Notice: at the moment we are not actively maintaining this repository so we may not be able to reply to issues in a timely manner.
pybullet-robot-envs is a Python package that collects robotic environments based on the PyBullet simulator, suitable to develop and test Reinforcement Learning algorithms on simulated grasping and manipulation applications.
The pybullet-robot-envs inherit from the OpenAI Gym interface.
The package provides environments for the iCub Humanoid robot and the Franka Emika Panda manipulator.
This repository is part of a project which aims to develop Reinforcement Learning approaches for the accomplishment of grasp and manipulation tasks with the iCub Humanoid robot and the Franka Emika Panda robot.

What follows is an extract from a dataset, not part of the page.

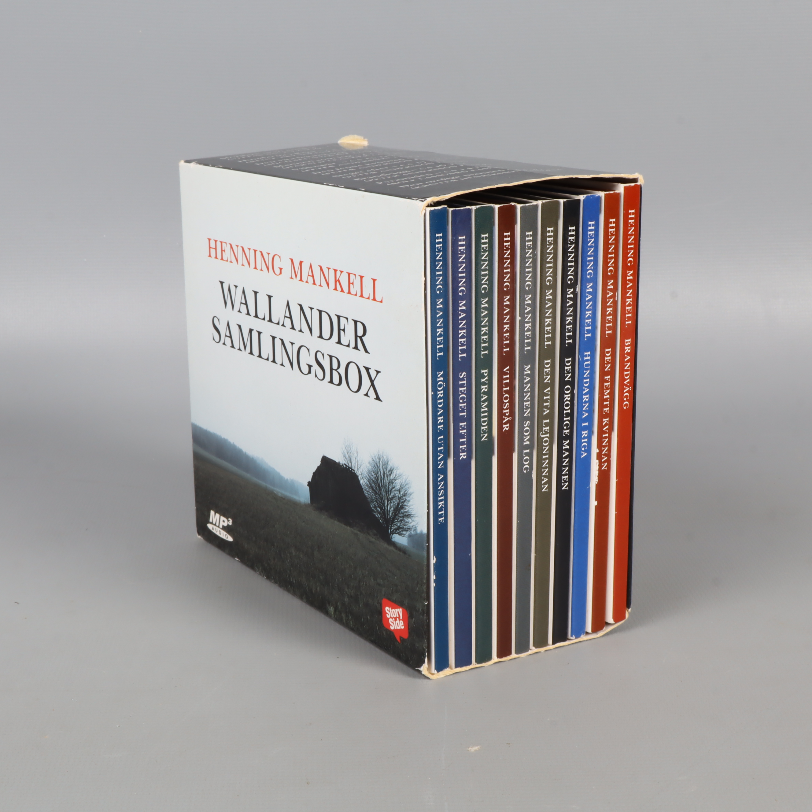 Upptäck Kurt Wallanders värld med denna samlingsbox som innehåller tio av Henning Mankells populära ljudböcker. Boxen har ett stilrent omslag med landskapsmotiv och varje volym har sitt unika färgtema. Boken spelas upp som mp3 ljudbok, perfekt för dig som gillar spännande deckare med svensk atmosfär. En stark samlarbox för dig som vill ha hela Wallander-serien till hands.

A Reinforcement Learning based approach generally includes two basics modules: the environment, i.e. the world, and the agent, i.e. the algorithm. The agent sends action to the environment, which replies with observations and rewards. This repository provides environments with OpenAI Gym interface that interact with the PyBullet module to simulate the robotic tasks and the learned policies.

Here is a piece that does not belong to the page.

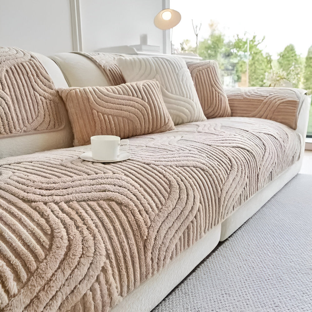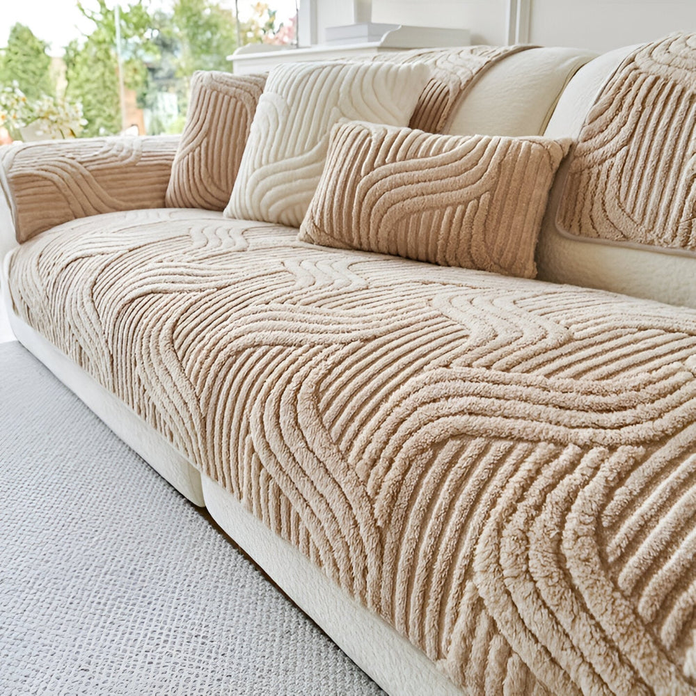 SoffLuxe | Blødt Sofaovertræk i Plaid-Fleece med Bølgestruktur

Simulators are a useful resource to implement and test Reinforcement Learning algorithm on a robotic system before porting them to the real-world platform, in order to avoid any risk for the robot and the environment. PyBullet is a Python module for physics simulation for robotics, visual effect and reinforcement learning based on the Bullet Physics SDK. See PyBullet Quickstart Guide for specific information. Its main features are:
The pybullet-robot-envs environments adopt the OpenAI Gym environment interface, that has become as sort of standard in the RL world. RL agents can easily interact with different environments through this common interface without any additional implementation effort. An OpenAI Gym interface has the following basic methods:
pybullet-robot-envs requires python3 (>=3.5).

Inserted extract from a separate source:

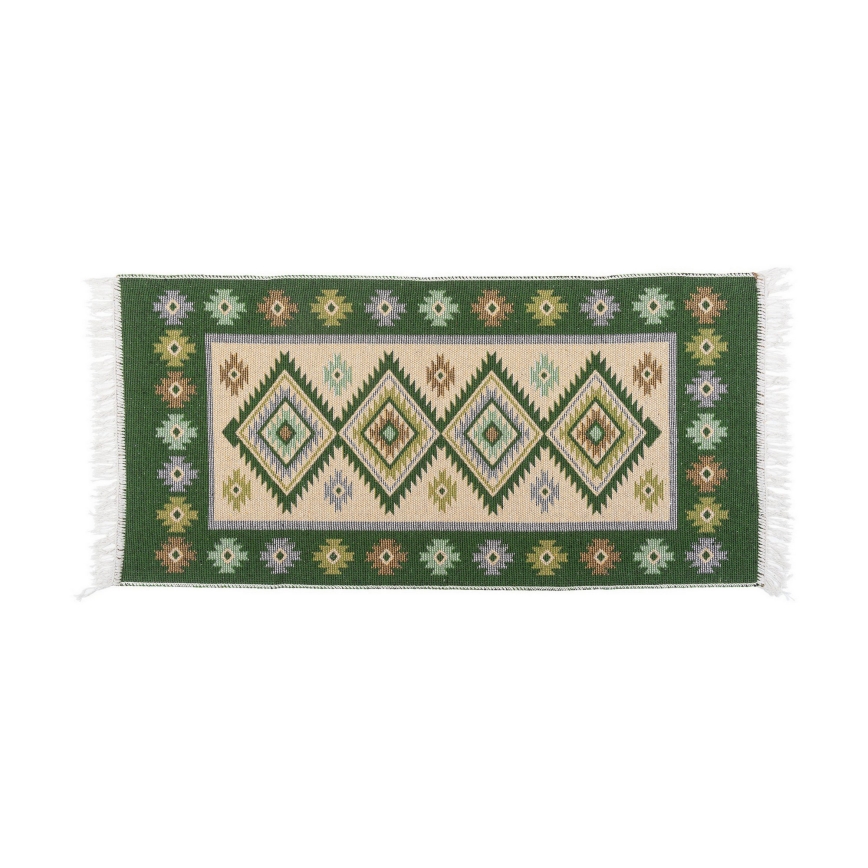 Obojstranný orientálny koberec KILIM 80x150 cm zelená/béžová

Before installing the required dependencies, you may want to create a virtual environment and activate it:
$ virtualenv ve_pybullet
$ source ve_pybullet/bin/activate
Install git lfs by following instructions here: git-lfs.github.com.
Clone the repository:
$ git clone https://github.com/robotology-playground/pybullet-robot-envs.git
$ cd pybullet-robot-envs
Install the dependencies necessary to run and test the environments with PyBullet:
$ pip3 install -r requirements.txt
Note: Installing the requirements will install also Stable Baselines.
Install the package:
$ pip3 install -e .
After this step, they can be instantiated in any script by doing:
import gym
env = gym.make('pybullet_robot_envs:iCubReach-v0')
where iCubReach-v0
is the environment id. You can check the available environment ids in the file pybullet_robot_envs/init.py. If you create a new environment and you want to register it as Gym environment, you can modify this file by adding a new register( id=<id_env>, entry_point=path_to_import_env>)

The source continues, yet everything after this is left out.